Неужели он не понимает? Не чувствует? Я вздыхаю:
— Бедный Есенин! Мне так жаль, так жаль его.
— Жаль его? — возмущенно переспрашивает он.— Жаль Есенина? Ну, это вы бросьте! Жалеть его абсолютно не за что. Редко кому, как ему, в жизни везет. Не по заслугам везет. Дарованьице у него маленькое, на грош, на полушку, а он всероссийскую славу, как жар-птицу, за хвост поймал, женился, пусть на старой, но все-таки мировой знаменитости и отправился в турне по Европе и Америкам. Лучше уж, раз у вас такие большие запасы жалости, пожалейте всех бедных, бездомных эмигрантов, да и тех, кто в России мучаются, а не счастливчика Есенина,— уже с раздражением запальчиво заканчивает он.
Он ждет, что я начну с ним спорить.
Но я не спорю.
— Вы правы. Мне всех жалко. Господи, как жестока жизнь, как несчастны люди! Все без исключения. Особенно Есенин и она, Айседора. Ведь и ей очень тяжело...
Когда я вернулась из санатории, Есенин уже уехал в Америку.
Письма от него я так и не получила. Ведь он сказал мне, что не напишет. Но я почему-то все же думала, что он вспомнит обо мне, вспомнит и напишет.

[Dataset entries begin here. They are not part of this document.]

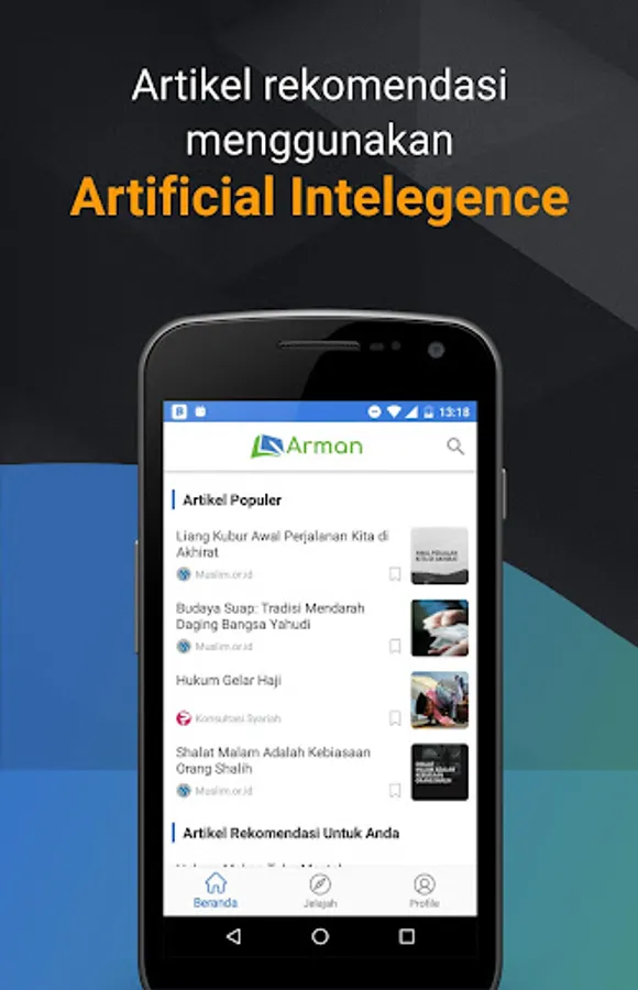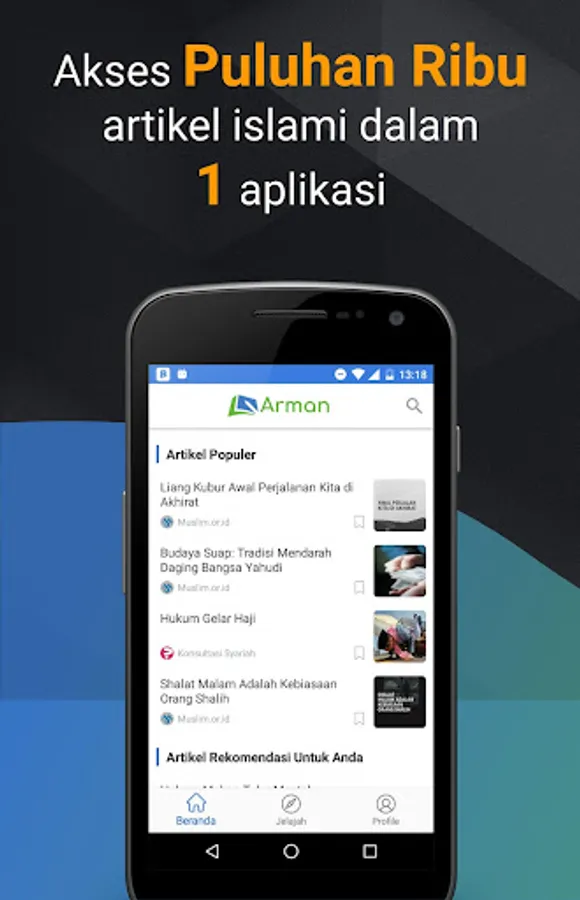 Arman is an application that contains a collection of useful Islamic articles. This application is very useful for anyone who wants to add to the treasury of Islamic knowledge. Curated articles tie various trusted sources so that it is very easy for users.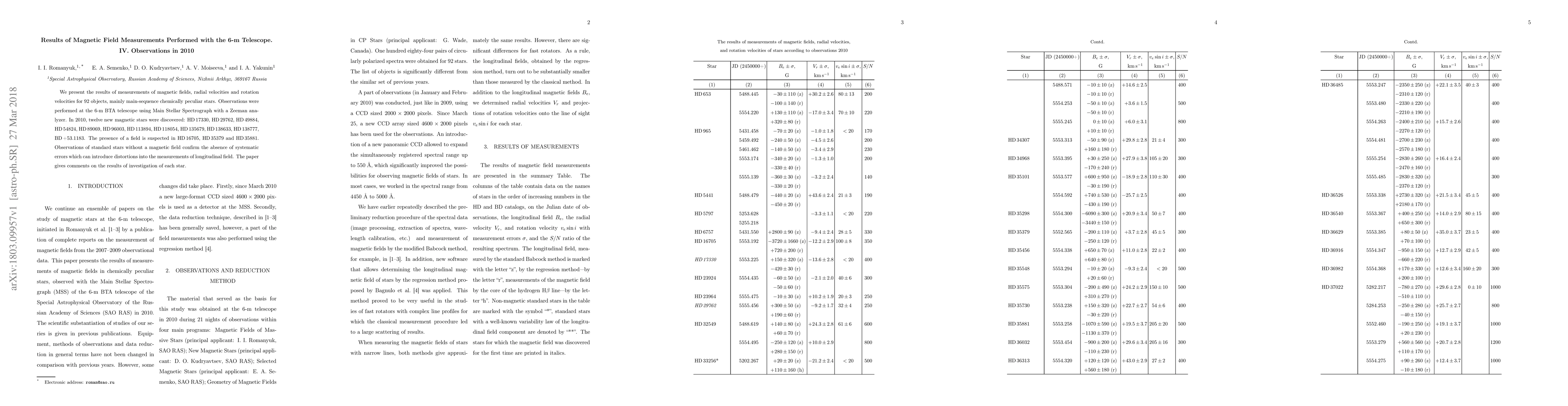 We present the results of measurements of magnetic fields, radial velocities and rotation velocities for 92 objects, mainly main-sequence chemically peculiar stars. Observations were performed at the 6-m BTA telescope using Main Stellar Spectrograph with a Zeeman analyzer. In 2010, twelve new magnetic stars were discovered: HD\,17330, HD\,29762, HD\,49884, HD\,54824, HD\,89069, HD\,96003, HD\,113894, HD\,118054, HD\,135679, HD\,138633, HD\,138777, BD\,+53.1183. The presence of a field is suspected in HD\,16705, HD\,35379 and HD\,35881. Observations of standard stars without a magnetic field confirm the absence of systematic errors which can introduce distortions into the measurements of longitudinal field. The paper gives comments on the results of investigation of each star.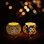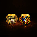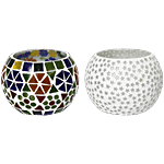 eCraftIndia Beautifully Crafted Multicoloured Mosaic Glass Decorative Tea Light Candle Holders, 2 pcs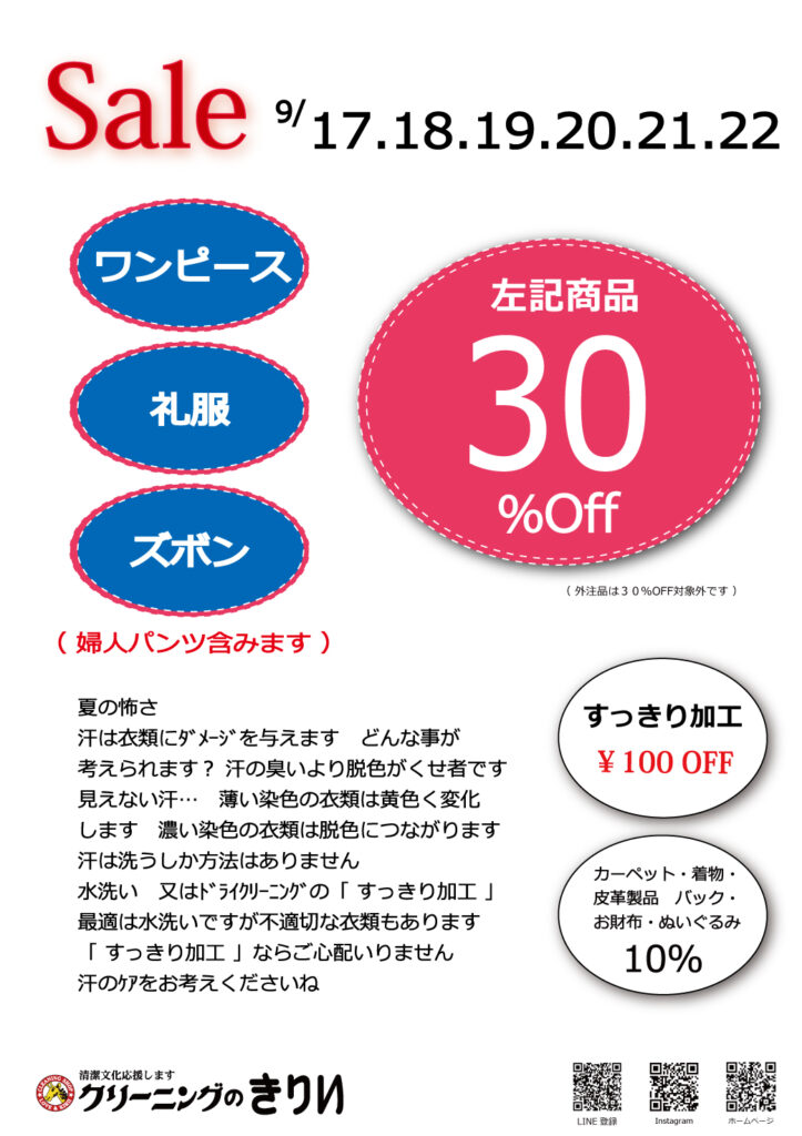 9/17スタート☆ワンピース・礼服・ズボン 30%OFF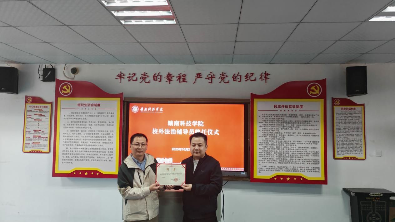 何乐还代表九游体育官方网站为广东方效律师事务所执行主任陈俊颁发了“校外法治辅导员”聘书。
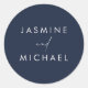 Seal your wedding envelopes with these simple and stylish envelope seals! The design features your names in modern white lettering complemented by a handwritten script with a navy background. These chic navy wedding stickers are perfect for sealing envelopes, adding to wedding favours, and more!

Мне почему-то казалось, что мы еще непременно встретимся. Не сейчас, так когда-нибудь потом. Но встретимся непременно. И только когда до Парижа дошло известие о самоубийстве Есенина и мне стало ясно, что другой встречи с ним у меня никогда не будет, я заплакала, будто потеряла близкого друга.